● Prompt
In the data below, find the line with "2月2日,江蘇省南通市崇川區" and the line with "Visit Proof |", then restate both and every line between them exactly, minus the pictures.

● Data below
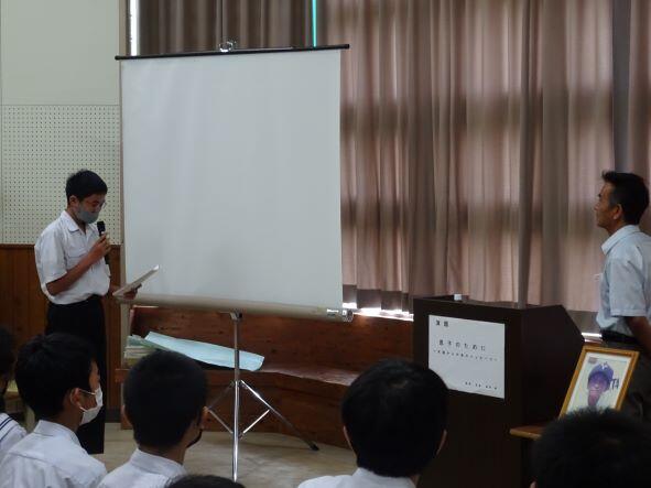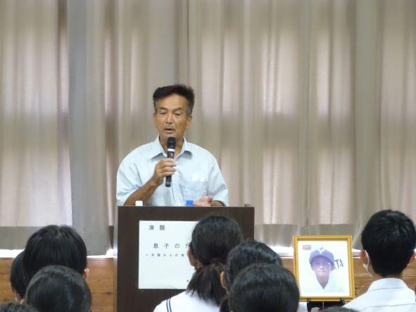 笹森義幸さんを講師に迎えて命の大切さを学ぶ教室を実施しました。当時中学1年生の息子さんを交通事故で亡くしたお話は、生徒の心に響くものでした。あらためて交通安全に努めなければならないと強く思いました。
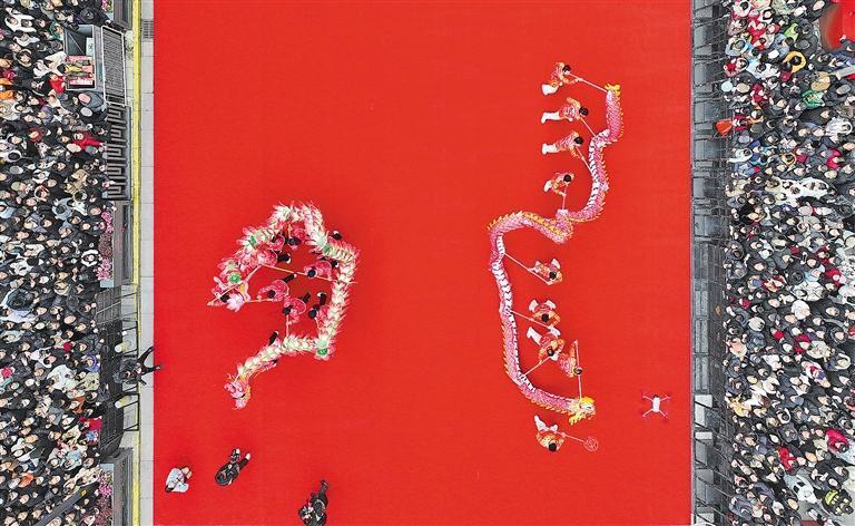 2月2日,江蘇省南通市崇川區(qū)南大街,“金蛇獻(xiàn)瑞樂(lè)通城”南通新春民俗巡游精彩上演。民俗巡游活動(dòng)采取歌、舞、樂(lè)的表演形式,由10個(gè)南通民俗方陣和2個(gè)特邀方陣組成,以大眾喜聞樂(lè)見的方式,讓市民游客盡享民俗文化盛宴。許叢軍 攝(中經(jīng)視覺)
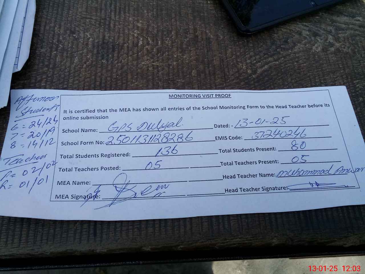| Attendance Register | Head Teacher | MEA with School | Visit Proof |
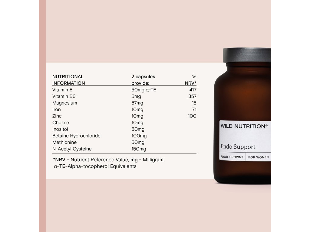 Za endometriózou stojí dominance estrogenu, proto Endo komplex obsahuje vitamin B6. Ten hraje důležitou roli v konjugaci a odbourávání estrogenu v játrech, čímž může pomoci k udržení jeho vyvážených hladin v těle. Hořčík pomůže zmírnit únavu a cholin s ostropestřcem mariánským podpoří správnou činnost jater, hlavního detoxikačního orgánu v tvém krásném těle. Protože je endometrióza zánětlivé onemocnění, obsahuje komplex i zinek a vitamin E, které přispívají k optimalizaci normálního imunitního systému. Z rostlin je vyrobený i ochranný obal kapslí a jistě tě potěší také úplná absence zbytečných plnidel či pojiv a umělých přísad.

● Written answer
 2月2日,江蘇省南通市崇川區(qū)南大街,“金蛇獻(xiàn)瑞樂(lè)通城”南通新春民俗巡游精彩上演。民俗巡游活動(dòng)采取歌、舞、樂(lè)的表演形式,由10個(gè)南通民俗方陣和2個(gè)特邀方陣組成,以大眾喜聞樂(lè)見的方式,讓市民游客盡享民俗文化盛宴。許叢軍 攝(中經(jīng)視覺)
| Attendance Register | Head Teacher | MEA with School | Visit Proof |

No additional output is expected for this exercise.